Estoraques que adornan a Jalincapa en el cantón Oña

Las formaciones, en algunos casos, superan los 10 metros de altura. Da la idea de que estos pilares fueron esculpidos por el hombre en la montaña. Este espacio, a más de ser un lugar para el turismo, sirvió también para hacer documentales y películas, como el que fue dirigido por Vinicio Jaramillo y se denomino ‘Cuatreros del mal’.     


Las rocas y la quebrada dieron lugar a la formación de un cañón, por donde se puede transitar y conocer de cerca este sitio, que es escogido incluso para filmaciones de películas.


Los estoraques están situados en el sector de Jalincapa, una comunidad que está a pocos kilómetros del centro cantonal de Oña, en la provincia del Azuay.
Rubio Torres conoce perfectamente el sitio de los estoraques, además, a sus 78 años de edad sigue siendo guía de turistas por diferentes zonas del cantón Oña.


Oña no solo está rodeada de lagunas, colinas, cascadas y casas patrimoniales, sino también de formaciones naturales que le dan un distintivo a este cantón de la provincia del Azuay.


A 10 minutos, desde el centro cantonal, está la comunidad de Oñacapac. Un sector que fue afectado por un movimiento telúrico hace más de 50 años y su principal “monumento”, su iglesia, fue devastada.
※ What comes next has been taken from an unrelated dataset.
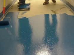 Это износоустойчивое покрытие. Аналогичное по составу и принципу нанесения к пропитке. Основная особенность краски по бетону — наносится на уже готовую поверхность, улучшает эстетические свойства помещения, что особенно важно в местах, где интенсивность движения не имеет промышленного характера.
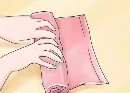 只需攤開衣服,像卷煎餅一樣緊緊地卷起衣服。卷衣服時(shí)要特別留意,確保卷得平

Ahora se puede ver los pedazos de su estructura que reposan en medio de un campo abandonado, mientras la capilla fue reconstruida metros más allá y le denominan Copacavana.


Al costado existen unas viviendas de adobe, típicas de la serranía, pero abandonadas. “Sus habitantes se fueron y nunca más volvieron”, dijo Rubio Torres, que a más de tener su museo particular, se dedica a ser guía por la zona.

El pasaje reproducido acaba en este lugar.